Each exemption certificate will set clear parameters for proposed acquisitions that can be made under the exemption certificate. As noted above, this will generally involve a limit on total consideration and the kinds of interests that can be acquired (for example, one or more of assets or securities). Acquisitions relating to a particular kind of interest or specific targets may be subject to specific limits. This may mean a certificate is granted on a narrower basis than initially applied for.

A foreign person whose application for a Business EC is declined or narrowed can seek approval for the specific acquisition via the standard individual notification process.

Acquisitions made that do not fall within the scope of an exemption certificate are not covered by the exemption certificate and if a notifiable action, must be separately notified and assessed. Failure to do so may constitute an offence or breach of the Act and result in penalties. Non compliance with the Act or the conditions of an exemption certificate may lead to revocation of an existing exemption certificate.

Conditions contained in a Business EC will apply in the same way as if the target was being acquired individually, that is, the usual standard conditions will be applied.

Reporting and compliance

As with other types of exemption certificates, foreign persons granted a Business EC must report periodically (for example, quarterly) on the acquisitions made during the period under their exemption certificate, as per their specific reporting condition. The frequency of reporting will depend on factors such as the period the certificate is in force and the nature of the acquisitions covered by the certificate. As part of this reporting, an exemption certificate holder will also need to confirm that all foreign persons covered by the exemption certificate are meeting all ongoing conditions attached to the certificate and earlier individual approvals and certificates. For more information please see Reporting to the Foreign Investment Review Board.

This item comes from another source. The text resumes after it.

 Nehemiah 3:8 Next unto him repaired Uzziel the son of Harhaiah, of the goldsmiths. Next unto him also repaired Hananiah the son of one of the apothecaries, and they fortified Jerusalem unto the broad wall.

An application to acquire an exemption certificate will not be considered until the relevant application fee has been paid in full.

Information regarding the fee which would apply can be found in Guidance Note 30—Fees—Business. Note that the 1 July 2017 amendments also introduced a specific fee rule to address circumstances where a foreign person applies for a Business EC or a land exemption certificate separately but within 14 days of making the first application. The rule operates to waive the fee for the second certificate. This rule has been included in specific recognition that a foreign person may apply for an exemption certificate to cover a specific type of interest, (for example, land) but then subsequently identify that the program of acquisitions will also involve acquiring interests in a business or assets of a business.

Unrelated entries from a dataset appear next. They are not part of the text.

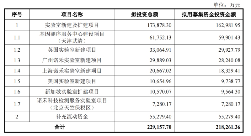 细分来看,实验室项目还包含了7个子项目,分别是“基因测序服务中心建设项目(天津武清)”、“诺禾科技检测服务实验室项目(北京天竺保税区)”、“新加坡实验室扩建项目”,以及英国、美国、广州诺禾、上海诺禾4个实验室的新建项目。
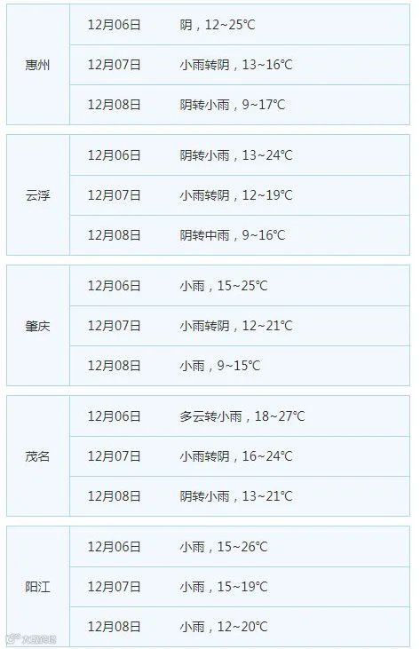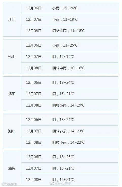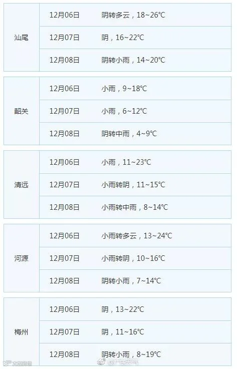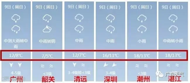 6日粤北开始冷、中南还没冷;7-8日全省阴冷;9-10日冷空气补充,湿冷(阴冷加剧);11-12日维持阴雨寒冷。
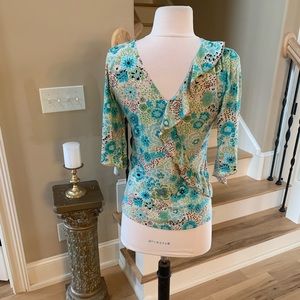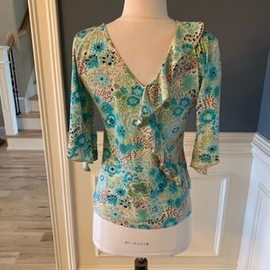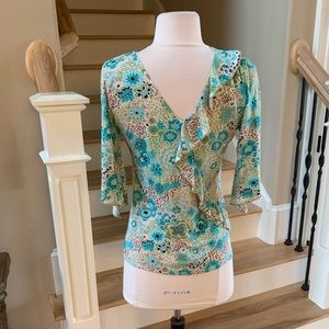 Saint Tropez West Top Groovy Silky Womens Small Floral Spring Hippie

Strict penalties (including civil and criminal penalties) may apply for breaches of Australia's foreign investment rules.

Variations and revocations

The Treasurer may vary or revoke an exemption certificate given to a person if the Treasurer is satisfied that the variation or revocation is not contrary to the national interest.

A variation may be made on application in writing or by the Treasurer's own initiative.

Further information

Further information is available on the FIRB website or by contacting +61 2 6263 3795.

Important notice: This Guidance Note provides a summary of the relevant law. As this Note tries to avoid legal language wherever possible it may include some generalisations about the law. Some provisions of the law referred to have exceptions or important qualifications, not all of which may be described here. The Commonwealth does not guarantee the accuracy, currency or completeness of any information contained in this document and will not accept responsibility for any loss caused by reliance on it. Your particular circumstances must be taken into account when determining how the law applies to you. This Guidance Note is therefore not a substitute for obtaining your own legal advice.